United States District Court, S.D. New York


August 1, 2005.

UNITED STATES OF AMERICA,
v.
ANTONIO OLMEDA, Defendant.

The opinion of the court was delivered by: LAWRENCE McKENNA, District Judge

MEMORANDUM AND ORDER

Both the government and defendant move for reconsideration of the Court's Memorandum and Order of May 24, 2005, familiarity with which is assumed. Reconsideration is granted to both the government and defendant, and, as to each, on reconsideration, the Court adheres to its original determination.

While it is no doubt true (and is not at all surprising) that the usual prejudice underlying a claim of the violation of the due process right to a speedy trial is in "the loss of documentary evidence or the unavailability of a key witness," United States v.
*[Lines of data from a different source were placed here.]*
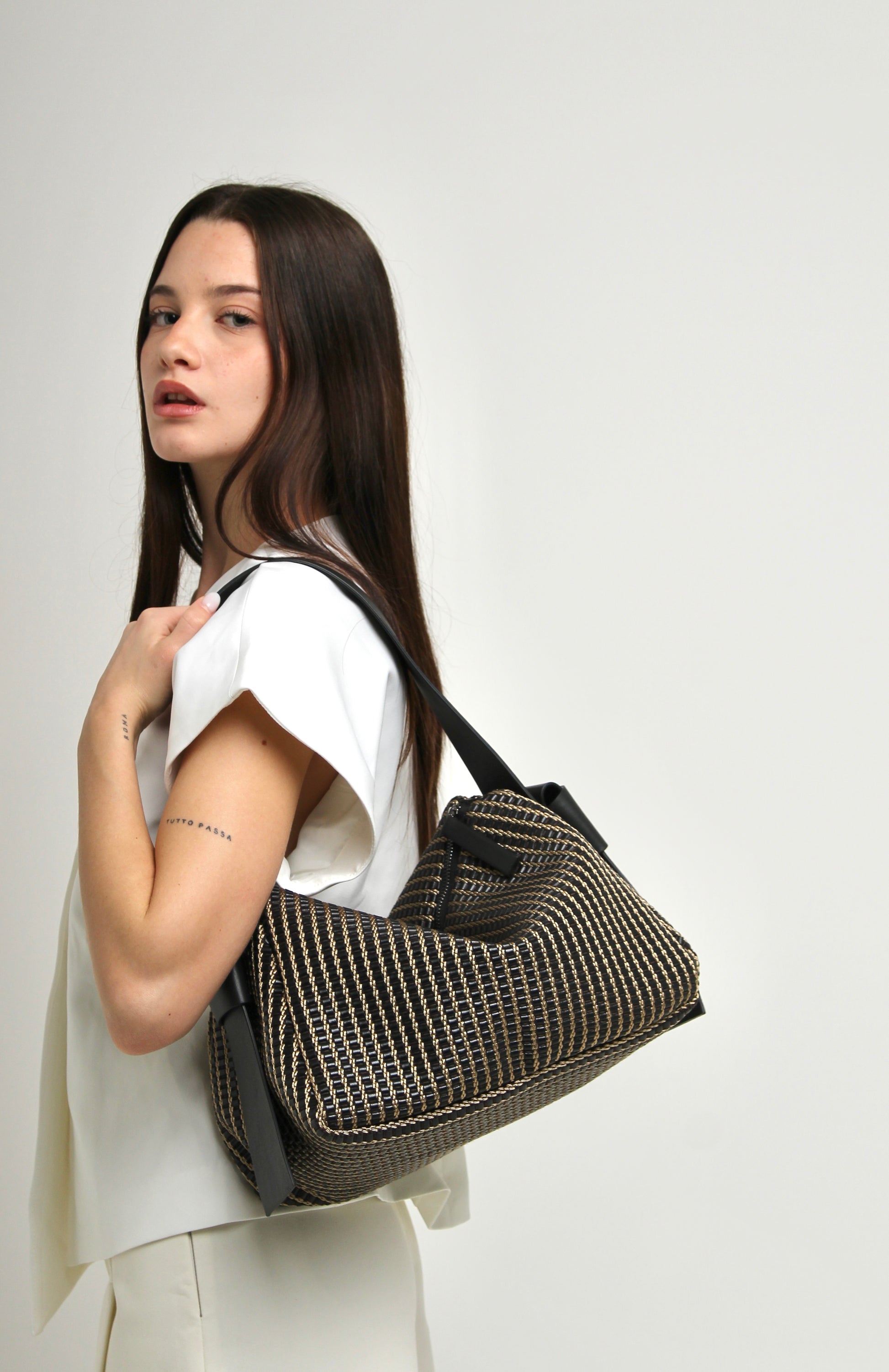 Its structured silhouette and functional zip closure make it the ideal companion for day-to-night use, combining artisanal tradition with contemporary design.
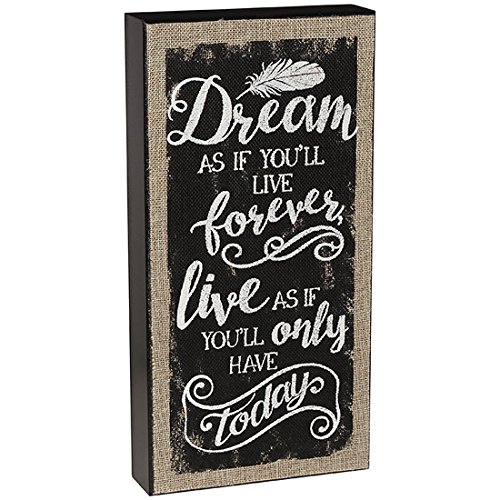 Dream Forever Live Today Black 14 x 7 Burlap and Wood Block Wall Sign Plaque
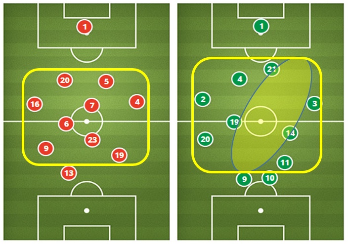 さらにコンパクトさの中で各選手の立ち位置のバランスを見るとフランスの方は大きなギャップがあるのが分かる。フランスはドイツのコンパクトな陣形に入る込むことが出来ず裏を狙う攻撃を多用したが、一方のドイツは奪ったボールを中央付近で前向きにボールを持つことが多かった。それは「一体感」はあるが「コレクティブ」ではなかったフランスの組織のギャップを突けたからだ。
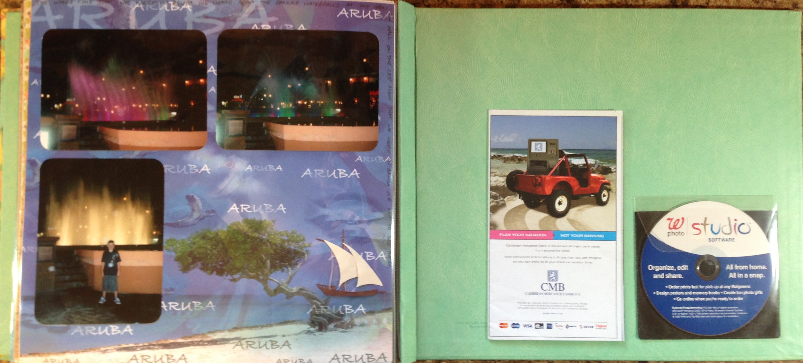 This is the last page in our Aruba album, and the design element that I want to point out is that I mounted a map of Aruba on the back cover as well as a CD of all of the pictures that I took on the trip. I usually do this so that I have a backup of the pictures from my trip with the album, in case something ever happens to my computer where they are stored.
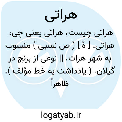 (صفت ) منسوب به هرات ۱- ازمردم هرات. ۲- ساخت. هرات. ۳- نوعی برنج گیلانی (ظاهرامنسوب به دهکد. هرات رودسر ).
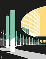 Uit de serie 'Miami Architecture'. Fontainebleau is een luxueus hotel in South Beach met chique restaurants, bruisende nachtclubs, hippe bars en een luxe spa. Bekend van vele films en tv series. Miami Modern in al zijn glorie. Dit is de entree van het hotel. Deze illustratie is gemaakt in 2017 na een studiereis naar de Amerikaanse stad in Florida. Gemaakt in Adobe Illustrator.
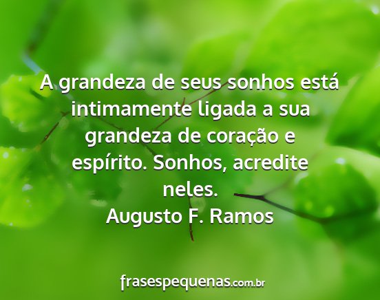 A grandeza de seus sonhos está intimamente ligada a sua grandeza de coração e espírito. Sonhos, acredite neles.Augusto F. Ramos
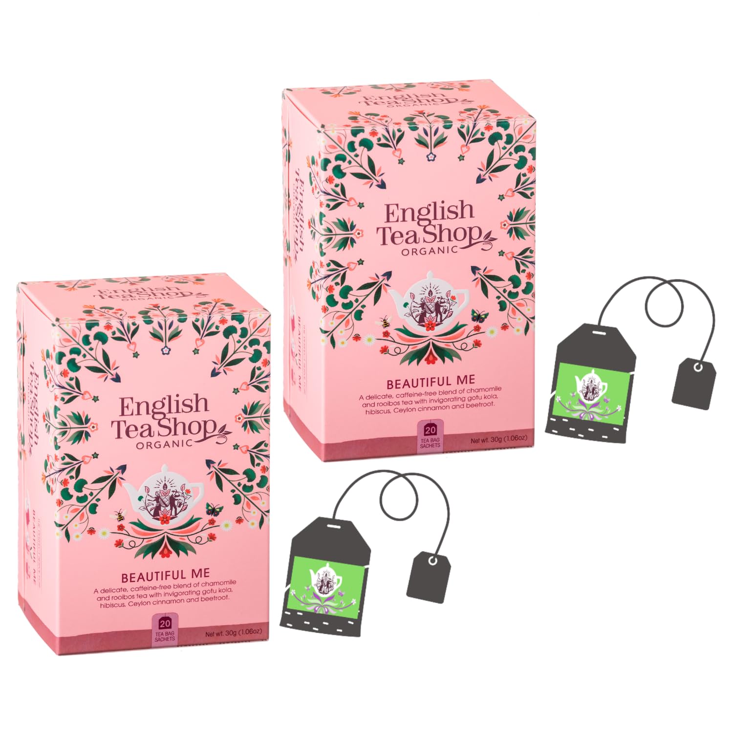 ENGLISH TEA SHOP We love good tea. Refreshing, invigorating, robust, or soothing, our love of tea permeates everything we do: from the blending in our factory in Sri Lanka to the freshly brewed cup. But tea is so much more than that. Our dynamic tea revolution celebrates our global community of farmers, blenders, and manufacturers. Together, these amazing people create our unique range of organic and fair trade teas. ORGANIC FARMING Organic farming should empower farmers and improve their quality of life. We offer support to farmers to make this a reality. Education and training for farmers and their families promotes sustainable and profitable organic farming. Going organic has had a positive impact on their lives, offering long-term contracts and professional training, creating a virtuous circle where everyone benefits. A SUSTAINABLE PRODUCT At English Tea Shop, we work closely with everyone in our value chain to make our planet a better place for all living beings. We want to help create an environmentally friendly and economically prosperous world for future generations. A world where all individuals are treated equally and have the opportunity to grow and develop. As nature lovers, we've made English Tea Shop tea bags and the inner packaging of this box fully compostable. Our tea bags are staple-free, and both the bags and the tin are recyclable. The pyramid filters are made from 100 recyclable, non-GMO polyester, recycled cardboard, vegetable-based inks, and organic, plant-based adhesives. The cotton thread is knotted to the filter and the potholder without hooks or mechanical fasteners. PRAJAVA – VALE MODEL. INGREDIENTS Organic chamomile 22.5 , organic gotu kola 21 , organic hibiscus 16 , organic cinnamon 12 , organic rooibos 9 , organic cocoa 9 , organic orange peel 5 , organic beetroot 3 , organic cranberry juice 2 , organic rose petals 0.5 . SAFETY WARNING Consume in moderation. Not suitable for children or pregnant women. Keep out of reach of children. See moreEnglish Tea Shop Tisane de beauté au Gotu Kola, Canneberges, Pétales de Rose Infusion Fruitée Bio à la Camomille et à l'Hibiscus - 2 x 20 Filtres (60 Gr)DESCRIPTION DU PRODUIT DESCRIPTION DU PRODUIT ENGLISH TEA SHOP Nous aimons le bon thé. Rafraîchissant, revigorant, robuste ou apaisant, notre amour du thé imprègne tout ce que nous faisons : du mélange dans notre usine au Sri Lanka à la tasse fraîchement infusée. Mais le thé est bien plus que cela. Notre dynamique révolution du thé célèbre notre communauté mondiale d'agriculteurs, de mélangeurs et de fabricants. Ensemble, ces personnes formidables créent notre gamme unique de thés biologiques et équitables. AGRICULTURE BIOLOGIQUE L'agriculture biologique devrait responsabiliser les agriculteurs et améliorer leur qualité de vie. Nous proposons un soutien aux agriculteurs pour faire de cela une réalité. Éducation et formation des agriculteurs et de leurs familles promouvant une agriculture BIO durable et rentable. Se lancer dans le bio a permis d'avoir un impact positif sur leur vie, en proposant des contrats à long terme et des formations au métier, en créant un cercle vertueux dans lequel tous les acteurs sont gagnants. UN PRODUIT DURABLE Chez English Tea Shop, nous travaillons en étroite collaboration avec tous les acteurs de notre chaîne de valeur pour faire de notre planète un endroit meilleur pour tous les êtres vivants. Nous voulons participer à la création d'un monde respectueux de l'environnement et économiquement prospère pour les générations à venir. Un monde où tous les individus sont traités sur un pied d'égalité et ont la possibilité de grandir et de se développer. En tant que fans de Dame Nature, nous avons créé les sachets de thé English Tea Shop et l'emballage interne de cette boîte entièrement compostables. Nos sachets de thé sont sans agrafes, les sachets et les canettes sont recyclables. Les filtres pyramides sont composés de polyester 100 recyclable et sans OGM, de carton recyclé, d'encres d'origine végétale, de colles organiques d'origine végétale. Le fil de coton est noué au filtre et à la manique sans crochets ni fixations mécaniques. PRAJAVA – MODÈLE DE VALE. INGRÉDIENTS Camomille bio 22,5 , gotu kola bio 21 , hibiscus bio 16 , cannelle bio 12 , rooibos bio 9 , cacao bio 9 , écorce d'orange bio 5 , betterave rouge bio 3 , jus de canneberge bio 2 , pétales de rose bio 0,5 . AVERTISSEMENT DE SÉCURITÉ A consommer avec modération. Ne convient pas pour les enfants ou les femmes enceintes. Tenir hors de portée des enfants. Voir plus
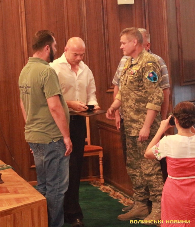 По тому, представник обласної спілки воїнів АТО Олександр Серватович зачитав наказ голови спілки, відповідно до якого Ігоря Палицю за особисту мужність і героїзм, підтримку миру на території Одеської області, надання волонтерської допомоги, нагроджено орденом «Золотий тризуб» І ступеня та званням «Народний герой Волині».Сам Ігор Палиця подякував членам спілки за довіру та оцінку.
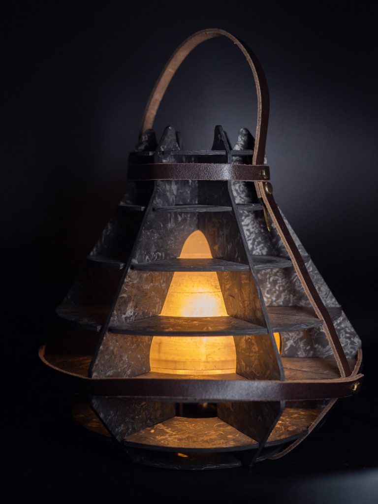 Aube est une baladeuse combinant carbonium, cuir et résine. Inspirée par l’univers des réacteurs d’avions, sa forme évoque les moteurs et turbines, rendant hommage à l’histoire aéronautique du matériau. La structure en gauffre, empruntée aux ailes d’avions et à l’architecture, assure légèreté, solidité et robustesse, tout en étant simple d’assemblage et de découpe grâce à la technologie de découpe au jet d’eau.
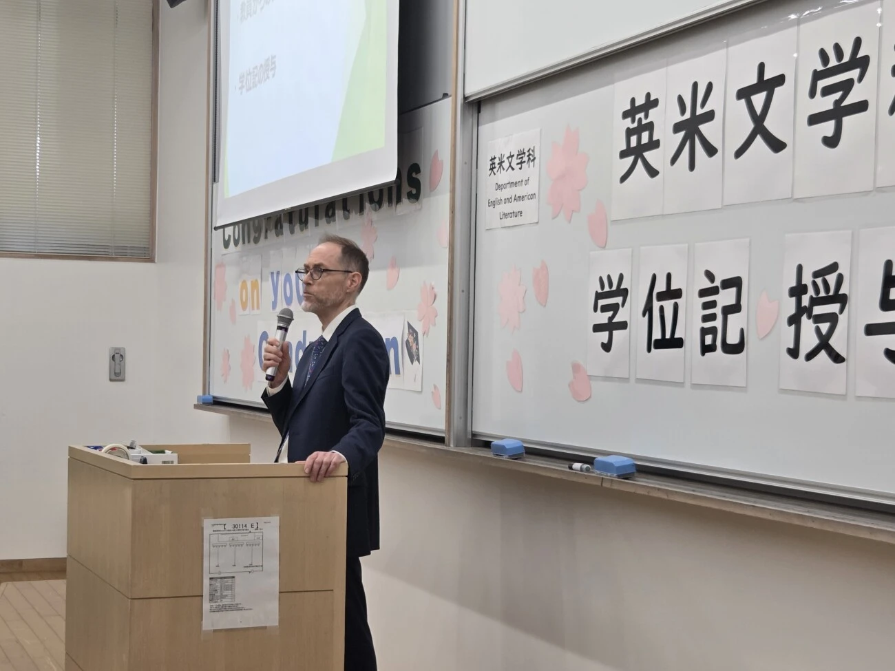 3月23日午後2時半より、板橋校舎の3号館にて、2025年度英米文学科学位記授与式が開
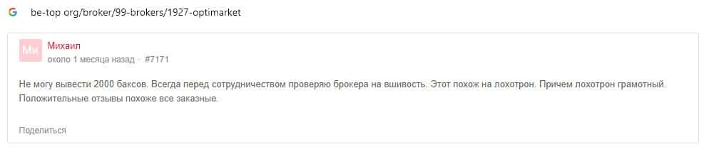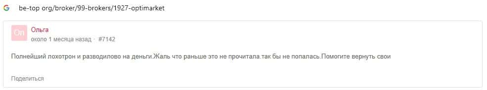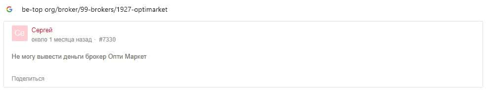 - Опти Маркет - обзоры скам-организации на других интернет-порталах
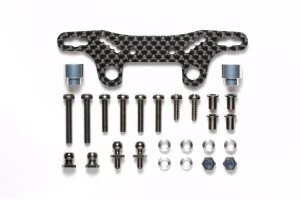 This carbon fiber damper stay design is for your TT-02 chassis car, which is compatible with the front and rear. It measures 3.5mm and is a half millimeter thicker than previous carbon fiber shock towers. (items 54639 and 54640)
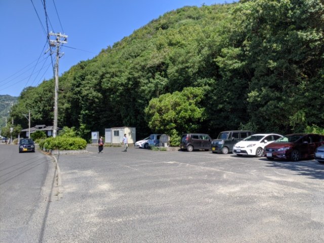駐車場は観音堂より少し手前に2ヶ所あります。「観音堂はまだ先だよね?」と思いきや、この先は車両通行止めなので、潔く停めてしまうのが良いです。台数が少ないため満車のことも多いですが、そんなに長く滞在する場所ではないため回転率は悪くないです。
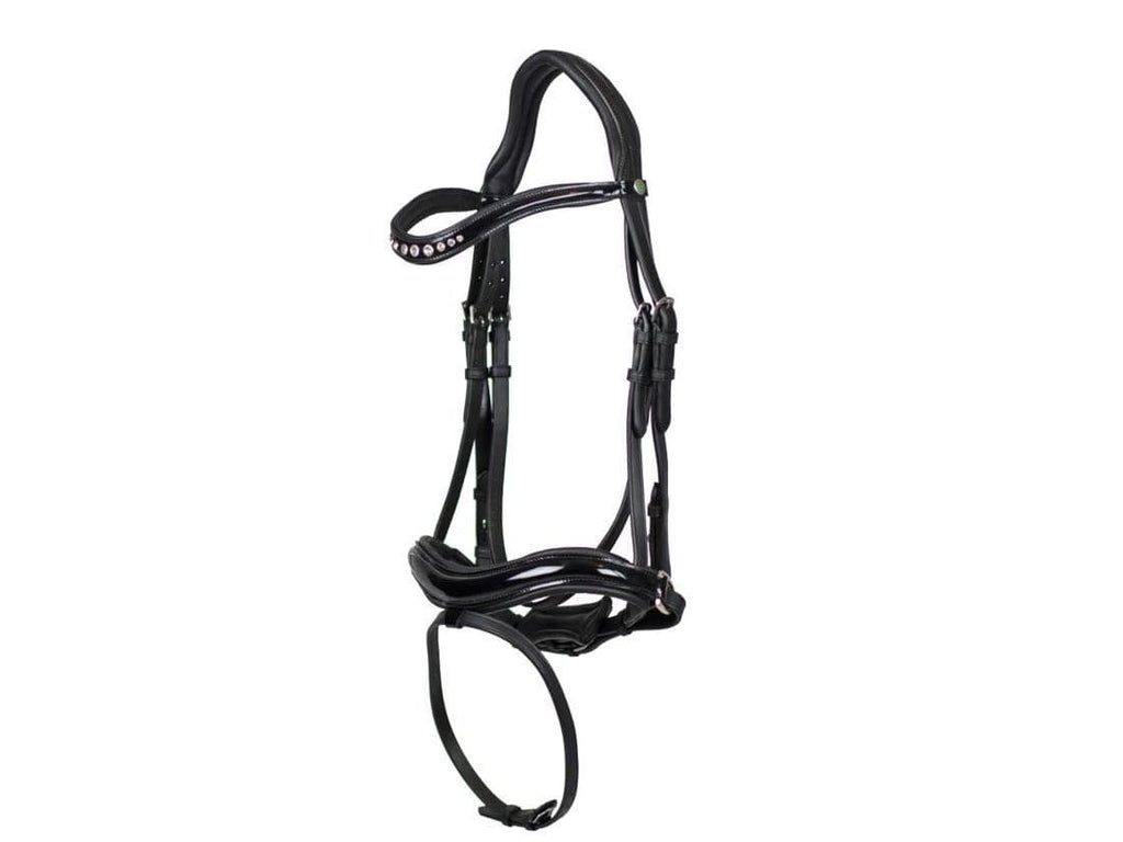 Monocrown snaffle bridle with patent wave crystal browband and anatomical raised patent crank noseband.This complete Snaffle bridle is part of our Ultra Comfort Leather range, hand-crafted from the finest quality leather, and treated with our unique eco-friendly hot press technique to infuse natural oils into the hide, ensuring a soft and luxurious leather finish.This bridle features a padded headpiece, noseband, and browband designed to mould comfortably to the horse's face, and relieve tension on the sensitive nerves around the ear and jaw.

Cornielle, 171 F.3d 748, 752 (2d Cir. 1999) (citations omitted) category, none of the cases cited by the parties say that that is the only sort of prejudice to be considered. In Cornielle, the Court of Appeals thought it to the point to discuss the prejudice there claimed — "the situation where a defendant insists he has rehabilitated himself after release from prison on state charges, and that he justifiably relied on no further charges being brought because of the passage of time" (id.) — even though, after careful discussion, it rejected it.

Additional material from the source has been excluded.